**TASK STATEMENT**
An exact reprint of the listing is required, with no pictures included.

##### DATASET CONTENT #####

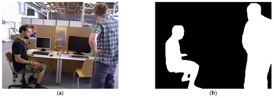 Mask information image. (a) Original image and (b) binary mask image.
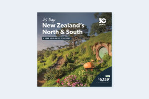 One of our most popular self-drive itineraries, there’s no better way to explore the best of New Zealand. Covering both islands, you will visit beautiful bays, dramatic geysers, fertile farmland and rolling vineyards.
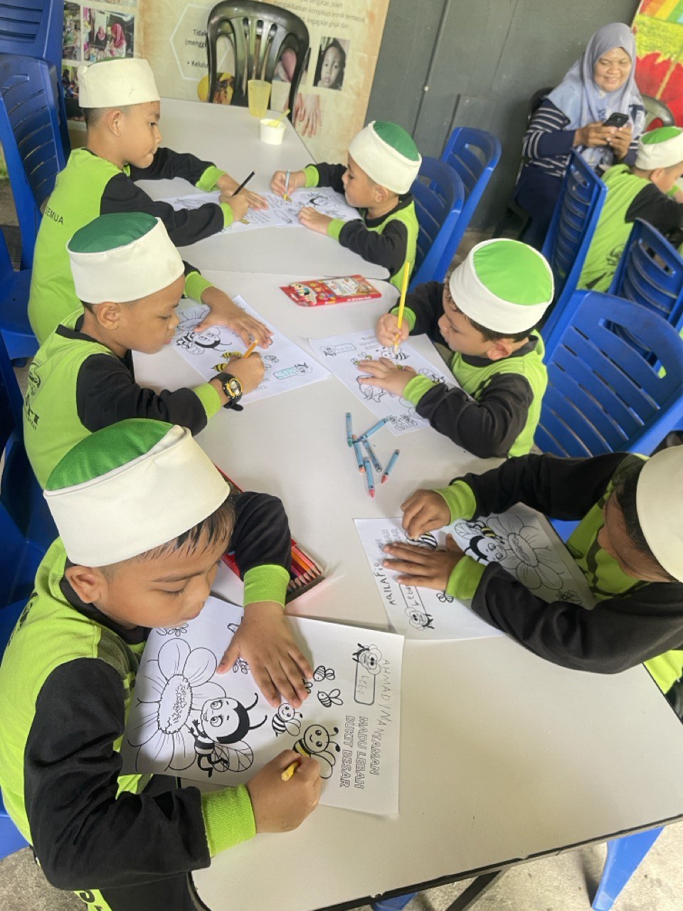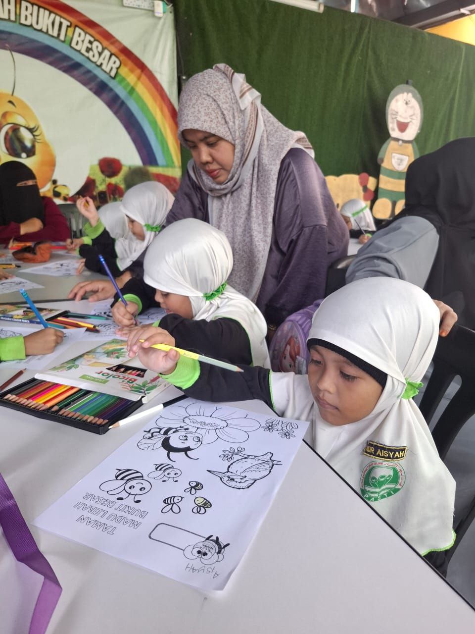 sampingan turut diadakan seperti aktiviti mewarna tentang gambaran spesis lebah. Pihak pemilik Taman Lebah juga
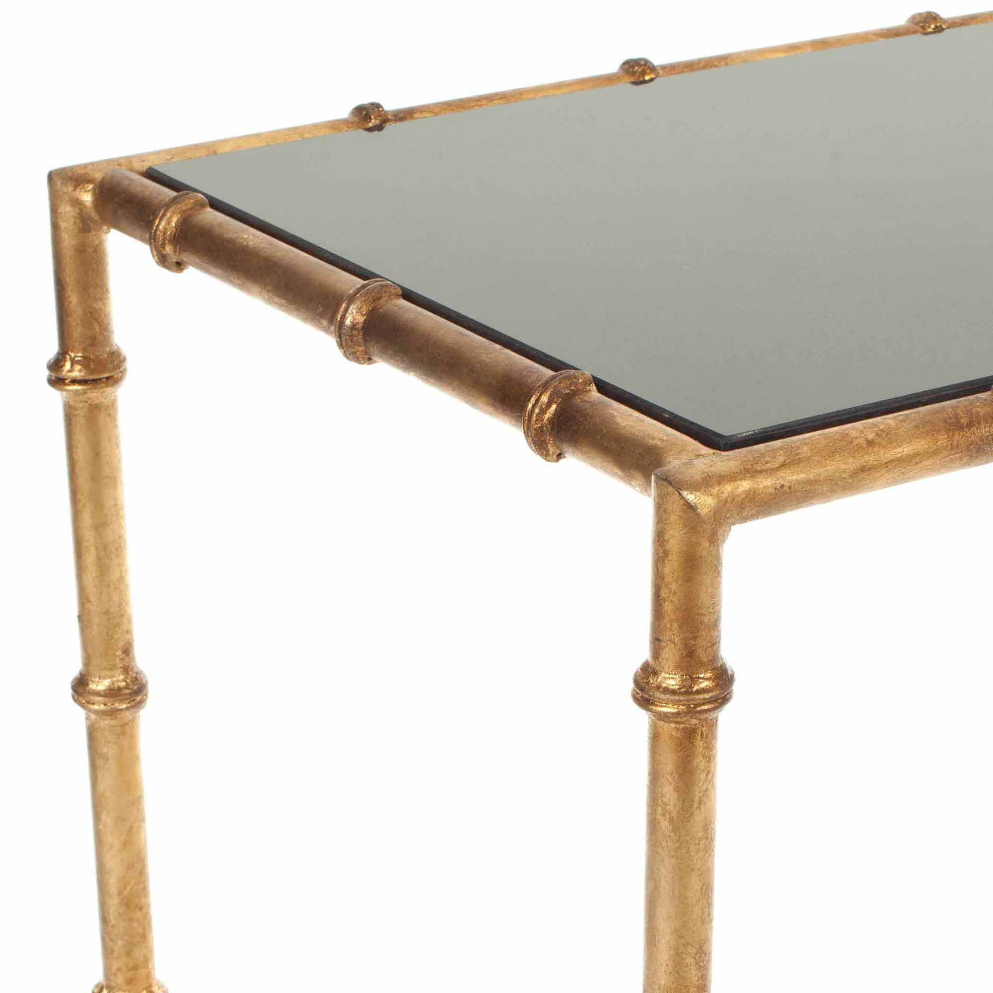 Shop SAFAVIEH at . Save Money. Live Better. SAFAVIEH Chandler 21 in. H Cross Base Accent Table, Gold/Black Glass Recreating the classic elegance of bamboo, the glass topped Chandler Accent Table is striking in both its workmanship and simplicity. A crossed base and graceful curved legs are sculpted of iron and finished in the warm matte gold patina for a naturally glamorous look. For over 100 years, SAFAVIEH has set the standard for finely crafted rugs and home furnishings. Begin your rug, furniture, lighting, outdoor, and home decor search and discover over 100,000 SAFAVIEH products today.

#####

**TASK RESPONSE**
 Mask information image. (a) Original image and (b) binary mask image.
 One of our most popular self-drive itineraries, there’s no better way to explore the best of New Zealand. Covering both islands, you will visit beautiful bays, dramatic geysers, fertile farmland and rolling vineyards.
 sampingan turut diadakan seperti aktiviti mewarna tentang gambaran spesis lebah. Pihak pemilik Taman Lebah juga
 Shop SAFAVIEH at . Save Money. Live Better. SAFAVIEH Chandler 21 in. H Cross Base Accent Table, Gold/Black Glass Recreating the classic elegance of bamboo, the glass topped Chandler Accent Table is striking in both its workmanship and simplicity. A crossed base and graceful curved legs are sculpted of iron and finished in the warm matte gold patina for a naturally glamorous look. For over 100 years, SAFAVIEH has set the standard for finely crafted rugs and home furnishings. Begin your rug, furniture, lighting, outdoor, and home decor search and discover over 100,000 SAFAVIEH products today.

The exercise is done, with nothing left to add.